**TASK STATEMENT**
From the first line to the last, repeat the data exactly but leave out the pictures.

**SOURCE INFORMATION**
-.-.-

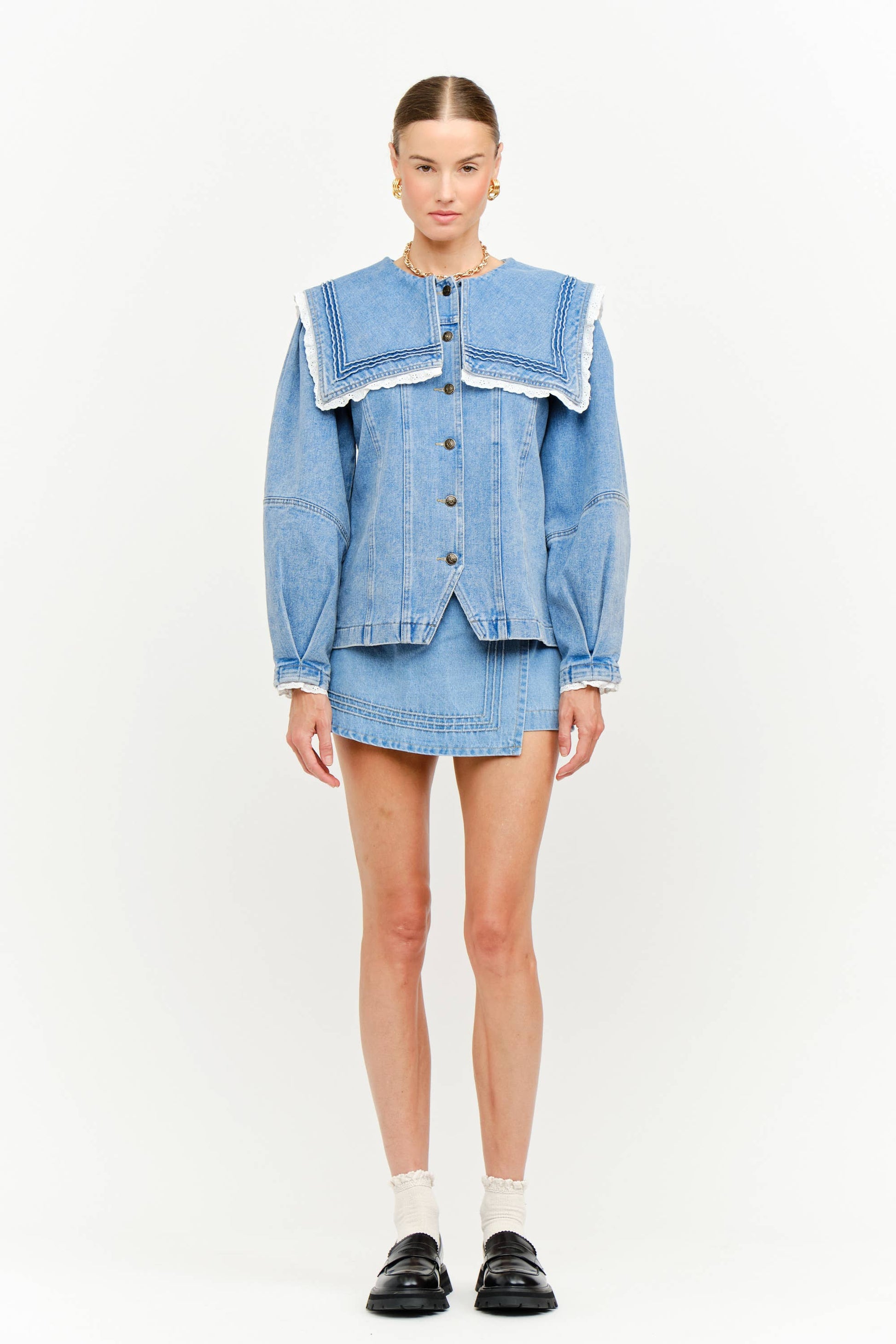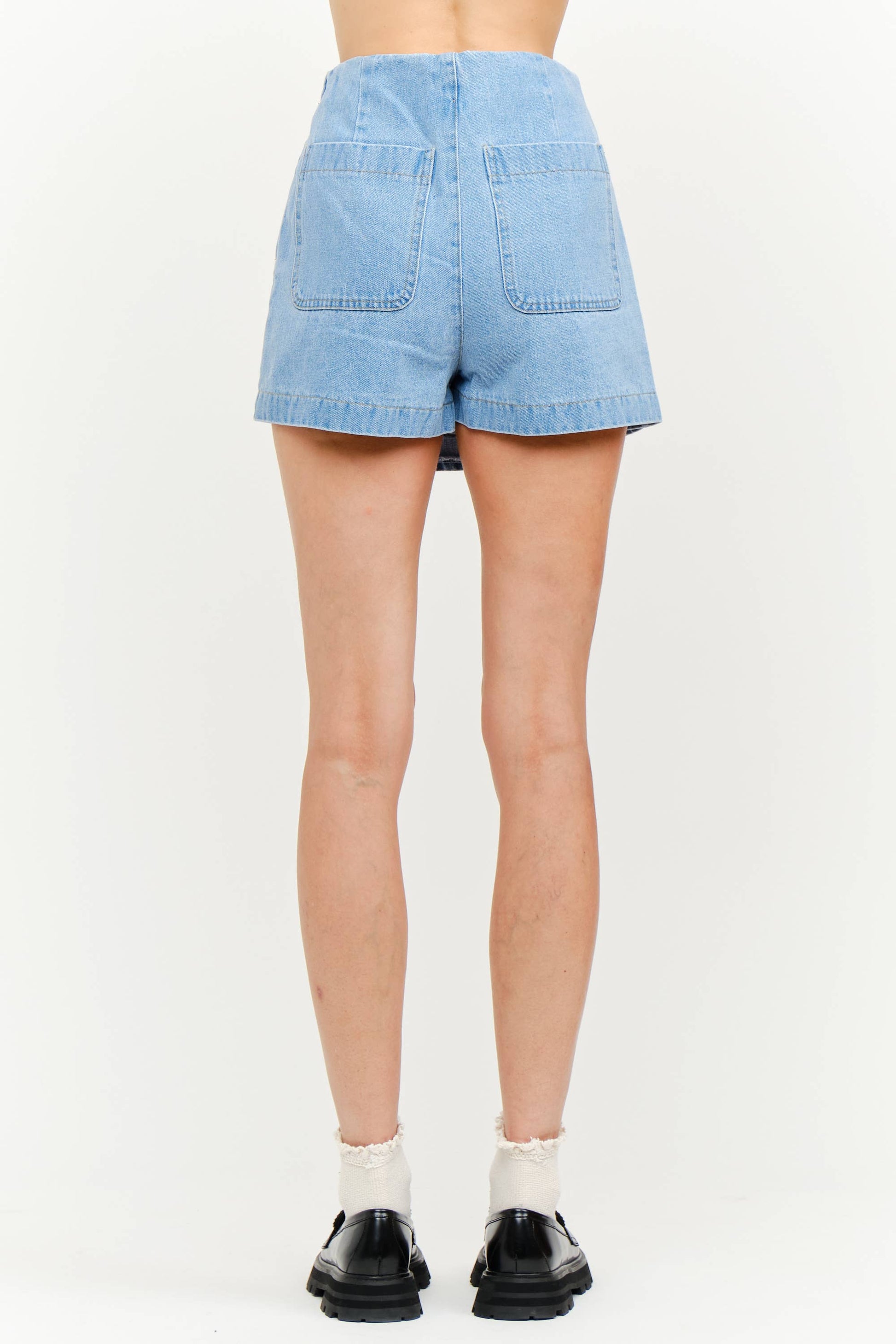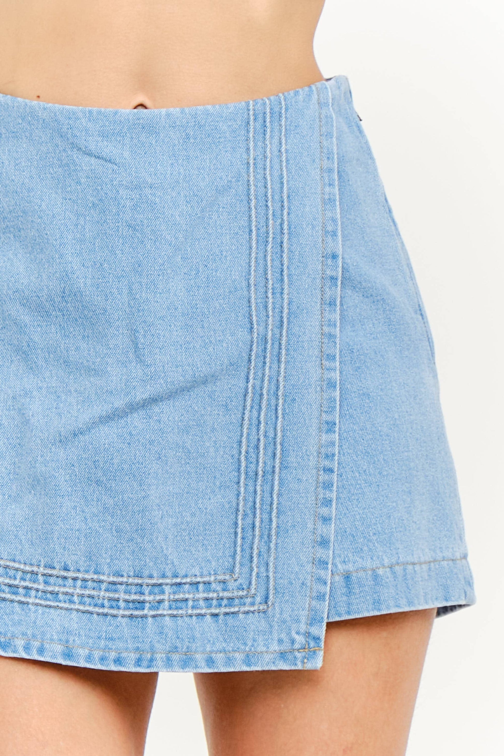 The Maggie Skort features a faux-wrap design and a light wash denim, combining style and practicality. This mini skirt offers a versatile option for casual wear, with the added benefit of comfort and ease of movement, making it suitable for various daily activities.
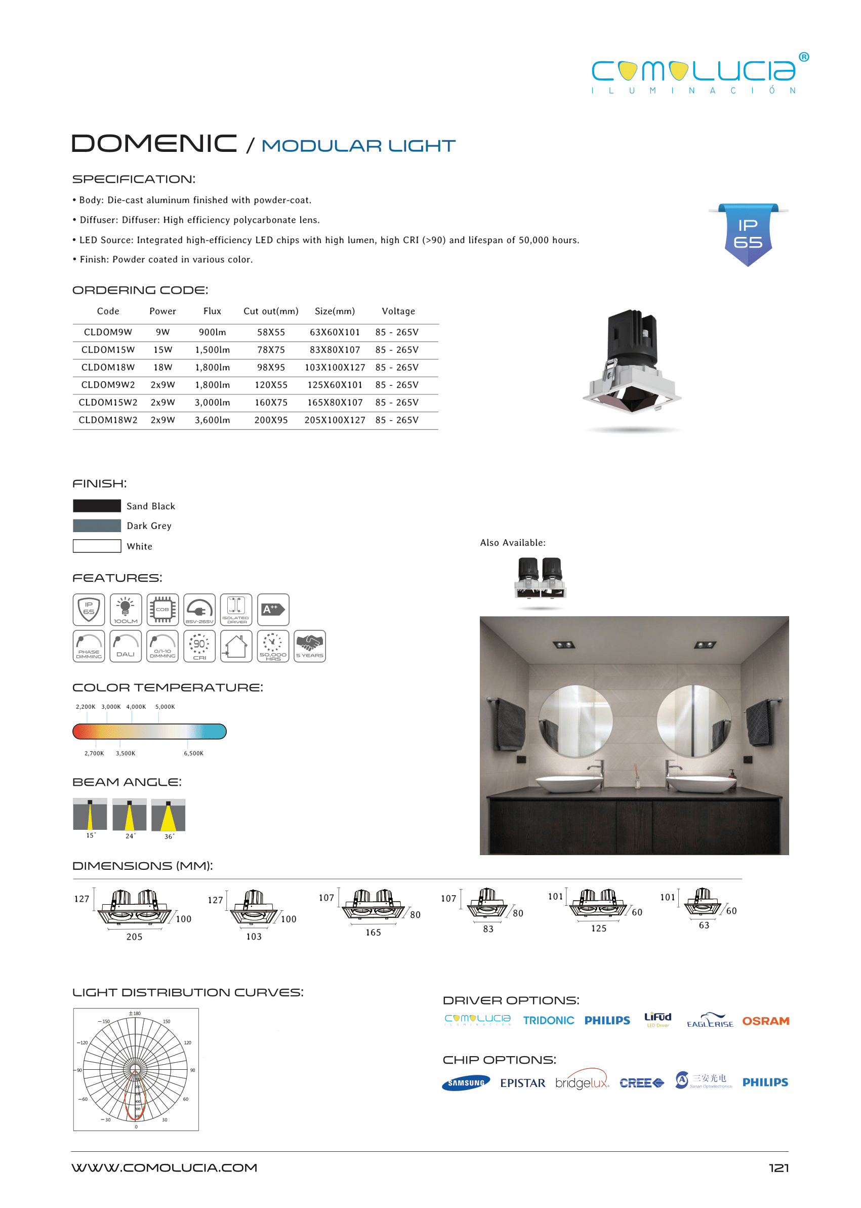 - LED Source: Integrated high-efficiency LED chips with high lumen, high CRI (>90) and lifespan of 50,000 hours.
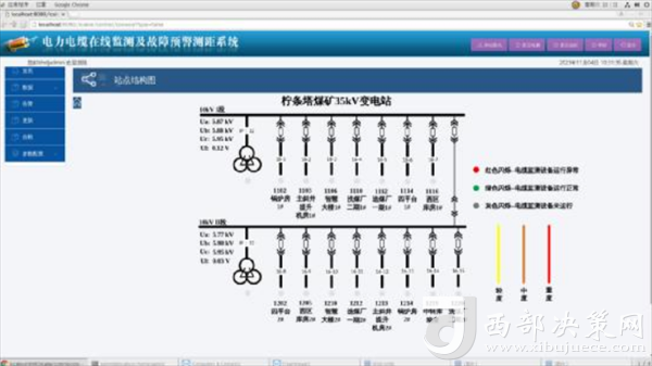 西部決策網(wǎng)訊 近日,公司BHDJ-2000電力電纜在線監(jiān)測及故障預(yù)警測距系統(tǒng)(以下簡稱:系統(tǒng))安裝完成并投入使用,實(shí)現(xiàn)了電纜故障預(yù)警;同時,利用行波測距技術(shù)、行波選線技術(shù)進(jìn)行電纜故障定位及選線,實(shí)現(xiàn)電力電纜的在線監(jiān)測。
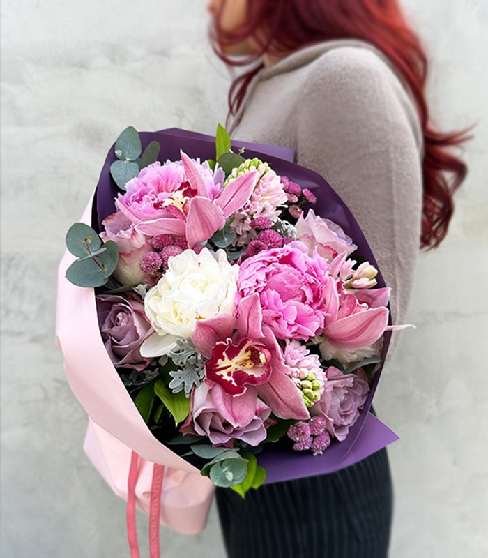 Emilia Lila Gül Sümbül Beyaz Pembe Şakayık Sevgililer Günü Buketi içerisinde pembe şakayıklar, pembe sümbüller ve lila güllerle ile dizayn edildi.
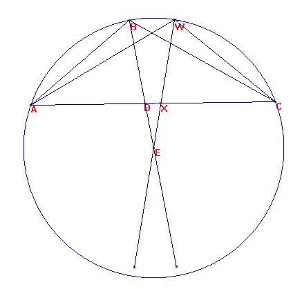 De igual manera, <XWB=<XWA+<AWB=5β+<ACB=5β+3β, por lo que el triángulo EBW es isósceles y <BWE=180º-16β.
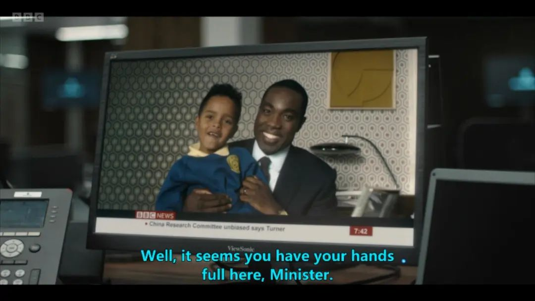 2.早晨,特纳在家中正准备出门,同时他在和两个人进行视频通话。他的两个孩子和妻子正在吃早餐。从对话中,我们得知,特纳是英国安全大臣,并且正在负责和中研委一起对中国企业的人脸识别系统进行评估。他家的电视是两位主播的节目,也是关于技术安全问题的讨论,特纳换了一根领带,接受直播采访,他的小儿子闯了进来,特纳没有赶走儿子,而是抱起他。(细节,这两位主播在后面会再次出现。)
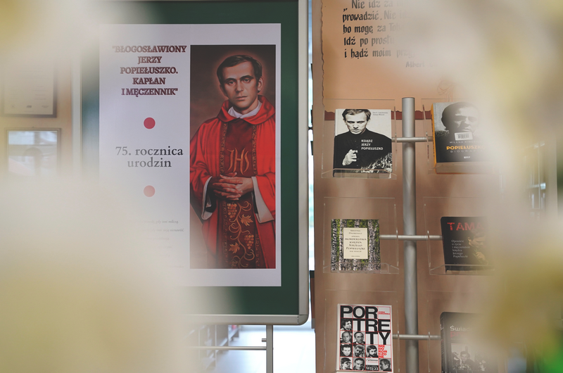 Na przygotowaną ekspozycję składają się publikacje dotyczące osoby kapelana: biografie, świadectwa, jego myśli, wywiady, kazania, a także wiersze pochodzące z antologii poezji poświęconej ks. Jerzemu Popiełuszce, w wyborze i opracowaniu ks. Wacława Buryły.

-.-.-

**RESPONSE TO THE TASK**
 The Maggie Skort features a faux-wrap design and a light wash denim, combining style and practicality. This mini skirt offers a versatile option for casual wear, with the added benefit of comfort and ease of movement, making it suitable for various daily activities.
 - LED Source: Integrated high-efficiency LED chips with high lumen, high CRI (>90) and lifespan of 50,000 hours.
 西部決策網(wǎng)訊 近日,公司BHDJ-2000電力電纜在線監(jiān)測及故障預(yù)警測距系統(tǒng)(以下簡稱:系統(tǒng))安裝完成并投入使用,實(shí)現(xiàn)了電纜故障預(yù)警;同時,利用行波測距技術(shù)、行波選線技術(shù)進(jìn)行電纜故障定位及選線,實(shí)現(xiàn)電力電纜的在線監(jiān)測。
 Emilia Lila Gül Sümbül Beyaz Pembe Şakayık Sevgililer Günü Buketi içerisinde pembe şakayıklar, pembe sümbüller ve lila güllerle ile dizayn edildi.
 De igual manera, <XWB=<XWA+<AWB=5β+<ACB=5β+3β, por lo que el triángulo EBW es isósceles y <BWE=180º-16β.
 2.早晨,特纳在家中正准备出门,同时他在和两个人进行视频通话。他的两个孩子和妻子正在吃早餐。从对话中,我们得知,特纳是英国安全大臣,并且正在负责和中研委一起对中国企业的人脸识别系统进行评估。他家的电视是两位主播的节目,也是关于技术安全问题的讨论,特纳换了一根领带,接受直播采访,他的小儿子闯了进来,特纳没有赶走儿子,而是抱起他。(细节,这两位主播在后面会再次出现。)
 Na przygotowaną ekspozycję składają się publikacje dotyczące osoby kapelana: biografie, świadectwa, jego myśli, wywiady, kazania, a także wiersze pochodzące z antologii poezji poświęconej ks. Jerzemu Popiełuszce, w wyborze i opracowaniu ks. Wacława Buryły.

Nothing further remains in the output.